Oh, my God. Look at this line.
天啊,瞧这队排得。
I knew we should have gotten here sooner, but, no, I had to be a good person,
我早说了我们应该早点过来,但某人要装好人,
I had to carry that torso man on the skateboard up the subway stairs.
要帮忙人家把滑滑板的假人给搬上地铁楼梯。
All this is for a croissant and a doughnut? Those things already existed.
排这么长,就为了吃牛角面包加甜甜圈?这俩东西早就发明了。
Where was all the fanfare when I combined the sleeping pill with the morning after pill
我当年混合了事后避孕药与安眠药时,我的广大粉丝热潮都上哪去了,
and called it the "sleep-through- the-morning-after" Pill?
那药我命名为"事后睡一觉避孕药"。
How did these things get so popular?
这东西怎么会这么火爆啊?
There's no science to this trend stuff.
潮流本来就是很不科学的东西。
It's all decided by one bitchy gay guy typing in his room, making it all up.
就只是某个死贱基男在房里瞎掰报道捧起来的。
Well, then we have to do some trend research.
那我们得研究一下这潮流啊。
We've got to figure out how to make Max's homemade cupcakes the next cronuts.
得研究出怎么样把麦克斯自制小蛋糕捧成下一个牛角圈。
I hate all these stupid trends. Cleanses, cronuts, condoms.
我烦死这些潮流商品了。排毒,牛角圈,避孕套。
Excuse me, sir, My name's Caroline. I'm a trend researcher.
先生,打扰一下。我叫卡洛琳。我是一个潮流分析员。
I'm Chuck. I sell magnets.
我叫查克。卖磁铁的。
What made you want to spend an entire day in line for cronuts?
是什么原因让你排队一整天只为了买到牛角圈?
I like croissants. I like doughnuts. I'm a fat guy. It all adds up.
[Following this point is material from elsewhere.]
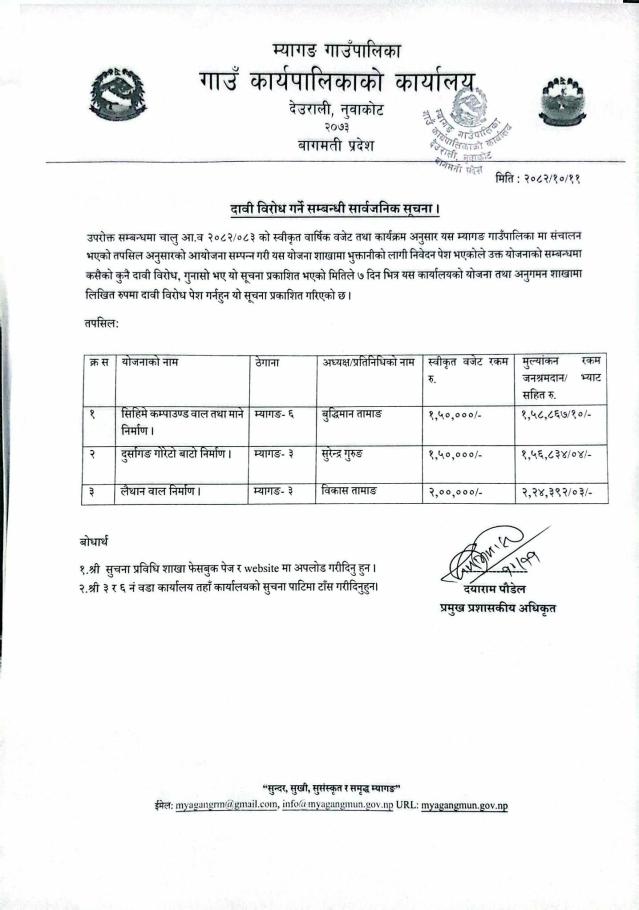 दावी बिरोध गर्ने सम्बन्धि सार्वजनिक सूचना !
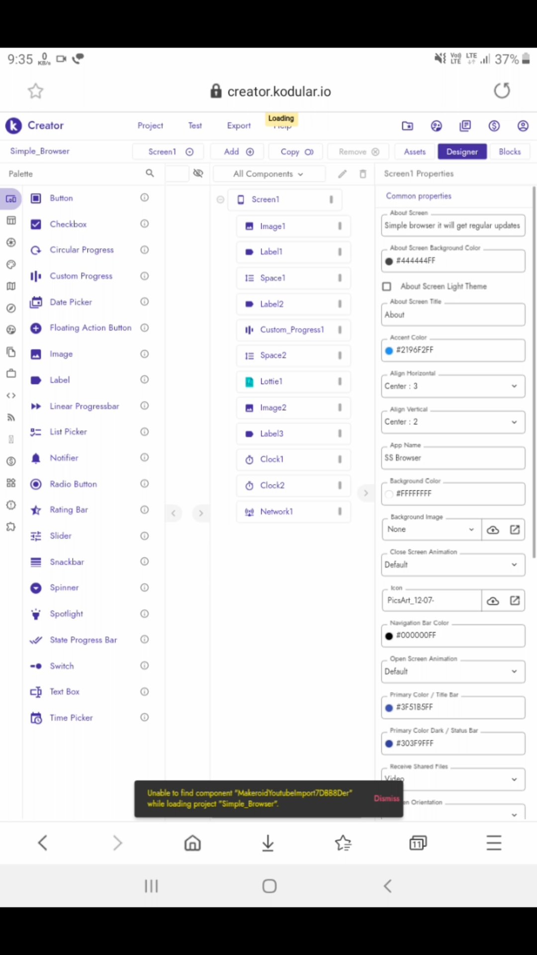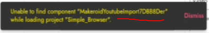 As you can see from the image, the component Youtube has also been renamed and there by creator can’t proceed as the new renamed component doesn’t exist Kodular..

我喜欢牛角面包。也喜欢甜甜圈。我还是个胖子。不言自明了吧。
That's true. You are a fat guy. And there's a doughnut shop right across the street.
的确。你是个胖子没错。对街就有一家甜甜圈店。
So why don't you just stop there, get a damn doughnut,
你为啥不去那边一趟,买个甜甜圈呢,
and save yourself the last 200 possibly life-threatening steps to here?
也拯救你於之前那200步随时都可能倒下的路程呢?
Look, it's two things I like put together. End of story.
这东西把我两个所爱食物合二为一。还需要解释吗。
That's it, Max. It's the two things together. One thing isn't enough anymore.
就是这个,麦克斯。重点在合二为一。单纯一个已经不够了。
Yeah, that's why Oleg's cousin hung himself.
所以奥列格的表哥才上吊自杀啊。
I'm serious. When's the last time you did just one thing?
我是认真的。你上一次只做一件事是什么时候?
Like, watch a movie without playing a game on your phone?
比如没一边看电影,一边在玩手机?
Magic Mike. Wait, does playing with yourself count?
看《魔力麦克》时。等等,边看边"玩自己"算吗?
Come on, let's get to the end of the line.
走吧,我们去最后面排队吧。
End of the line? That's for rookies. I'm a line pro.
最后面排队?那是新手干的事。我是排队大师。
My mom and I waited in line for food stamps, Bob Seger lawn seats.
我和我妈总需要排队等食品救济劵,演唱会场外草地位。
We spent a Saturday in the "Guns for cash" line.
不过我们有个周六在"枪换钱"活动排了一天。
Now that's a line you don't want to cut in. Follow my lead.
因为那个队绝对不能随便插。跟着我。
Hey, man, cronut line. What do you want to do after this?
兄弟,排队买牛角圈呢。买完之后打算干嘛?
Okay, all right, all right. Back of the line. Everybody relax.
好啦,行行行,我们去最后。大家别激动。
Guess my mom being topless had more to do with my line skills than I thought.
原来我的插队技术影响力远没有我妈裸上身来得大啊。